Cara penanganan kasus yang demikian dapat dikatakan baru menyentuh batangnya, rantingnya bahkan masih sebatas daunnya sedangkan akar masalahnya belum terjamah sama sekali.
Jadi seorang Pegawai Negeri, Polisi, Kepala Sekolah yang terjerat kasus korupsi, bahkan seorang Kepala Daerah yang terjerat masalah korupsi, maka letak akar korupsinya bukan pada saat mereka melakukan tindakan korupsi tersebut melainkan berada pada saat mereka mendapatkan jabatan atau kedudukan itu.
Diantara koruptor ini pada saat masuk menjadi Pegawai Negeri, saat diterima menjadi anggota Polri, saat dilantik menjadi Kepala Sekolah atau saat memenangkan Pemilu untuk menjadi Kepala Daerah tidak jarang menggunakan uang suap, melakukan kolusi atau Nepotisme atau cara-cara ilegal. Oleh karena itu setelah mereka menjabat, maka pemikiran yang ada dalam benaknya adalah bagaimana cara cepat untuk mengembalikan modal yang dikeluarkannya.
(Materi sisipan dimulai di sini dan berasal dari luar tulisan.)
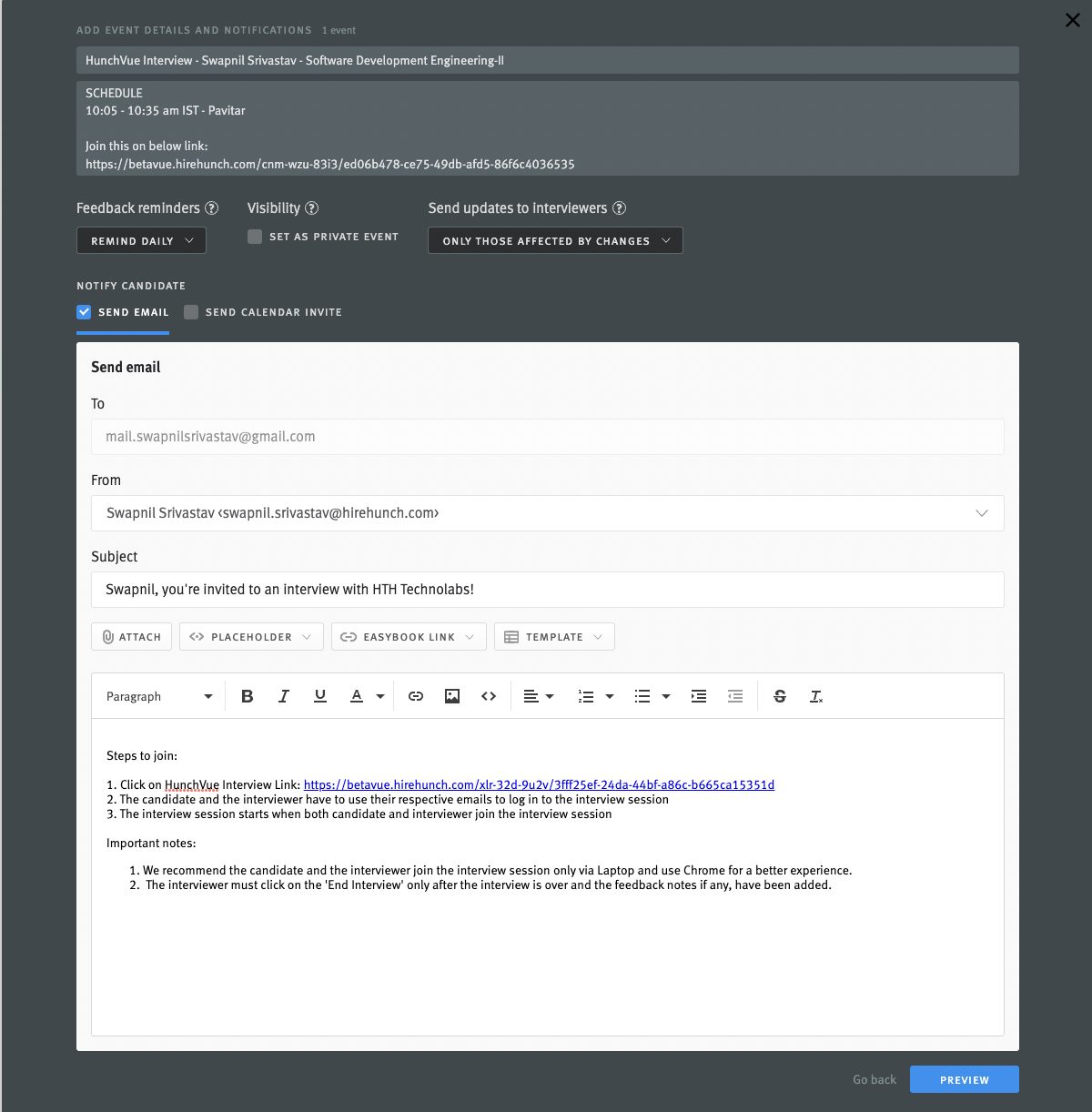Please ensure that you email the candidate the interview link and instructions. HireHunch will not send an interview invitation to the candidate. |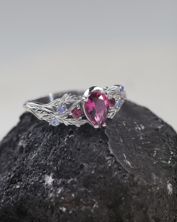 Natural pink tourmaline engagement ring with tourmalines and tanzanites / Japanese Maple

Menurut beberapa sumber dari mulut ke mulut yang beredar di masyarakat bahwa, untuk mendapatkan kedudukan PNS dengan Ijazah S1 ada yang dihargai dengan Rp.100 juta, untuk menjadi Polisi dengan Ijazah SLTA ada yang dihargai Rp.75 Juta, untuk menjadi Kepala Sekolah paforit tingkat SLTA misalnya di Kota Medan ada dengan patokan standar Rp.70 juta, demikian juga bagi mereka yang menginginkan jabatan Bupati/Walikota tidak jarang menghabiskan uang mencapai sebanyak Rp. 20 Milyar. Pada saat ini khususnya Sumatera Utara yang baru melakukan penerimaan CPNS tanggal 15 Desember 2010 yang lalu, momentum ini tentu menjadi moment yang tepat untuk mengawal agar proses rekruitment tersebut dapat mewujudkan persaingan secara murni dan menjauhkannya dari unsur-unsur KKN.
Dengan demikian, apabila pemerintah dan rakyat Indonesia ingin melenyapkan korupsi dari negeri ini harus dilakukan hingga akarnya yaitu, menghindarkan seseorang menggunakan uang suap atau cara-cara ilegal untuk mendapatkan kedudukan dan jabatannya baik untuk jabatan karier maupun jabatan politis. Dengan cara penanganan yang demikian, niscaya kasus korupsi di Indonesia akan dapat dihilangkan, paling tidak diminimalkan, semoga. ***
Penulis adalah Ketum. Lembaga Len tera Ilmu Sumut, Sekum IKAPSI, Dosen Fisip UMA.